Figure 4: Olfactory test score according to sex.
Figure 5: Covariance of olfactory test scores without masks and age.
We designed a fixed order of the experiment: N95 masks, surgical masks and no masks. This order was based on the results of our pilot experiment and the hypothesis that wearing N95 masks would have a relatively more profound effect on odor discrimination. In this study, the very limited number of participants with influenza in past 2 weeks and the number of participants with rhinitis (17.91%) was significantly different from that without rhinitis (P < 0.01) lead us to not analyze these two factors. As a result of that, the effects of these 2 factors on the olfactory test score remained unclear and need further study.
According to the recent studies involved the usage of face masks, N95 masks offer considerably better protection from influenza and SARS virus infections when compared to other mask types (Matuschek et al., 2020). Depending on the material and dampness, 40–90% of aerosols taking along with the odor molecule were able to penetrate through face masks (Matuschek et al., 2020). As face masks have become a necessity in the daily work during pandemic of COVID-19, the mechanism of the olfactory effects of the masks still remains unclear and demands for further study.
Conclusions
Wearing N95 masks or surgical masks decreased the odor discrimination ability of healthcare workers.
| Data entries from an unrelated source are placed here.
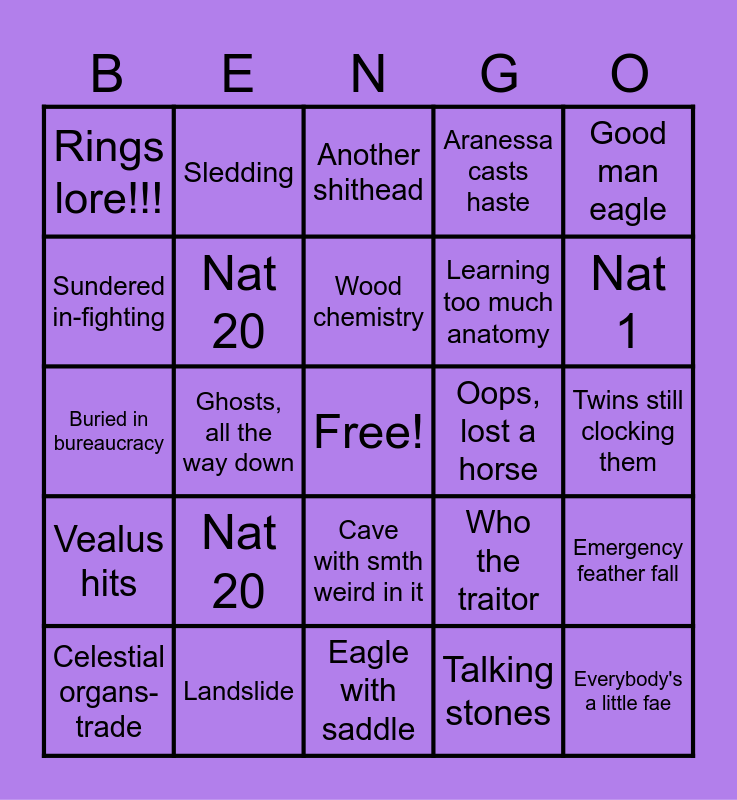This bingo card has a free space and 24 words: Nat 20, Landslide, Wood chemistry, Celestial organs-trade, Good man eagle, Rings lore!!!, Sundered in-fighting, Sledding, Oops, lost a horse, Cave with smth weird in it, Learning too much anatomy, Buried in bureaucracy, Who the traitor, Emergency feather fall, Nat 20, Talking stones, Twins still clocking them, Another shithead, Nat 1, Ghosts, all the way down, Everybody's a little fae, Vealus hits, Aranessa casts haste and Eagle with saddle.
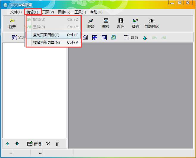 2、接下来我们点击界面上方的“编辑”选项,然后可以看到有撤销、重做、复制页面图像、粘贴为新页面选项,我们可以根据自己的需要来选择。
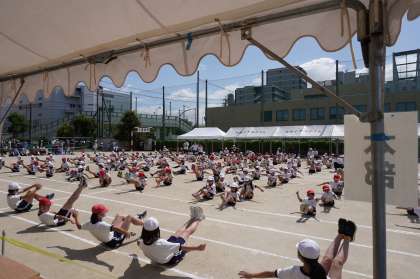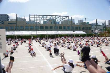 神津体操は本校オリジナルの体操で専門家の方のご指導をいただきながら子どもたちや先生方で考えたものです。
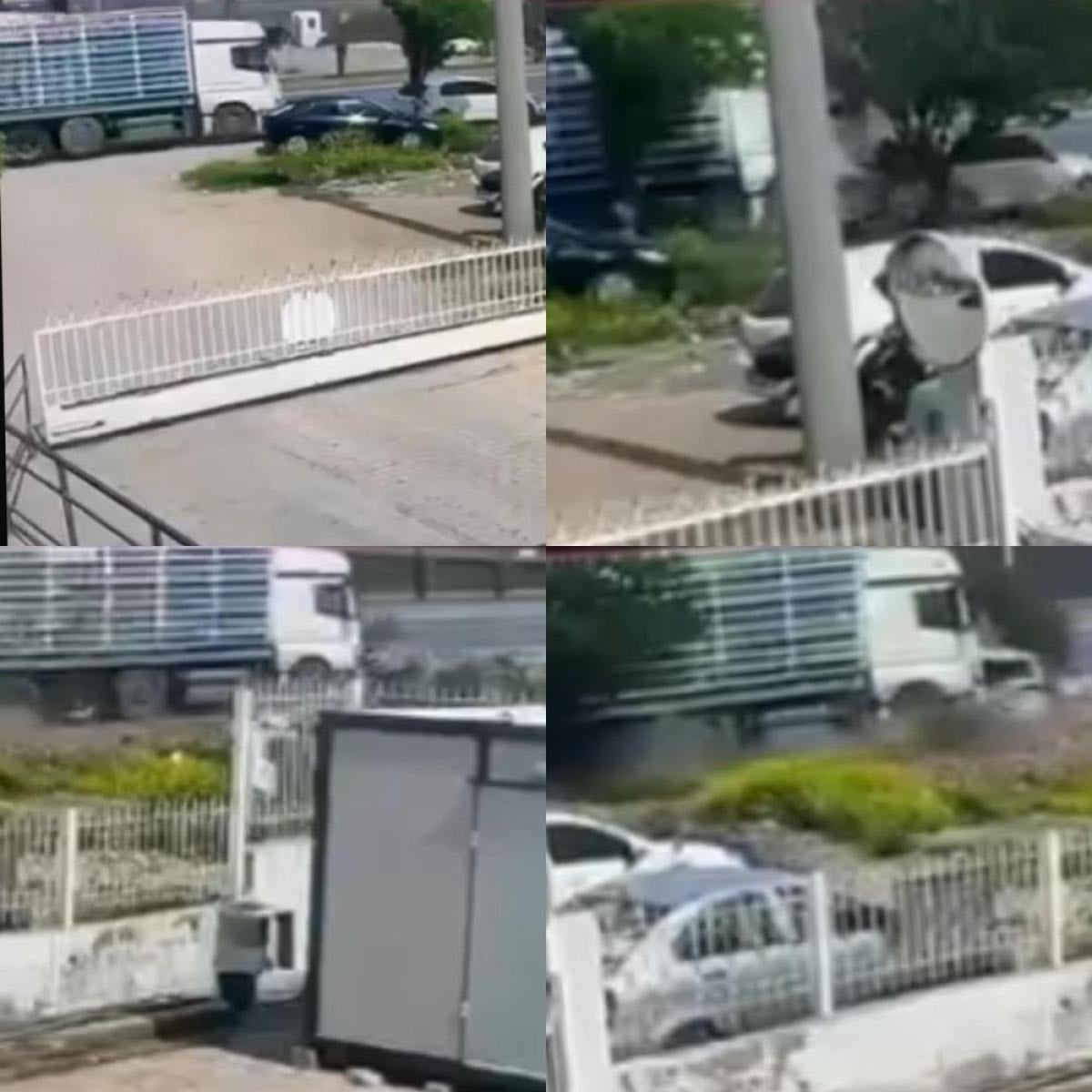 Görüntülerde tırın büyük bir hızla kontrolden çıktığı, ardından da otomobile çarparak sürüklemesiyle birlikte devrildiği anlar yer aldı.

Therefore, we suggest that healthcare workers seek other clues to diagnose a disease with a characteristic odor.
Supplemental Information
The age of the patient, some of the factors that affect odor recognition, and the degree of influence of different masks
The data showed low olfactory scores in N95 mask wearers and surgical mask wearers, while blank control participants had normal olfactory scores. We analyzed the relationship between different olfactory scores and mask-wearing in these participants.